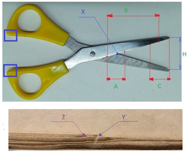 2 / Burr formation. If you made one cut, and the next time you press the scissors, you did not align the X points (scissors) and Y point (on paper), but started cutting from the Z point.
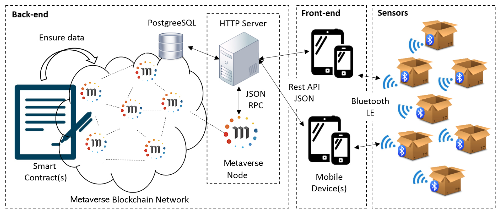 在Front-end部分,工作人员可以通过移动设备获得订单数据,工作人员也可以像以前一样,通过IoT蓝牙传感器获得货物的数据,接着通过移动设备上传至服务器,由服务器挑选并计算后登记到元界区块链上。
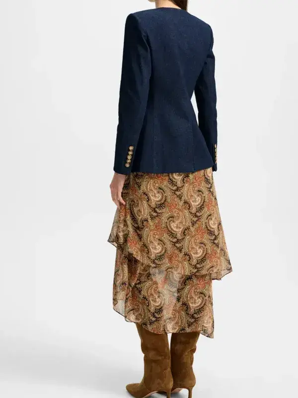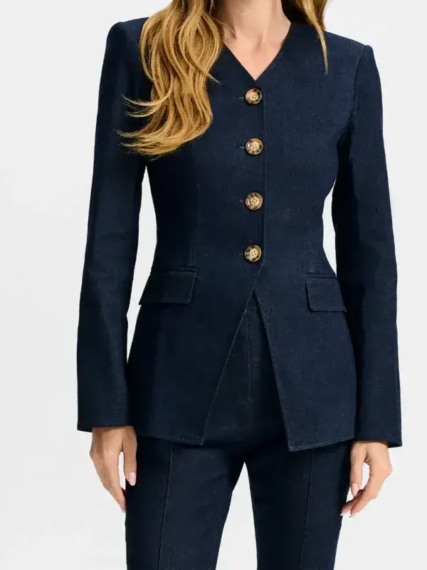 The Today Show 2026 Savannah Guthrie Collarless V-Neck, Amber Buttons Dark Indigo Denim Blazer

:: Problem details ::
Beginning with the line containing "在Front-end部分,工" and ending with the last line of the material, output each line exactly; do not include pictures.

:: Response to the exercise ::
 在Front-end部分,工作人员可以通过移动设备获得订单数据,工作人员也可以像以前一样,通过IoT蓝牙传感器获得货物的数据,接着通过移动设备上传至服务器,由服务器挑选并计算后登记到元界区块链上。
 The Today Show 2026 Savannah Guthrie Collarless V-Neck, Amber Buttons Dark Indigo Denim Blazer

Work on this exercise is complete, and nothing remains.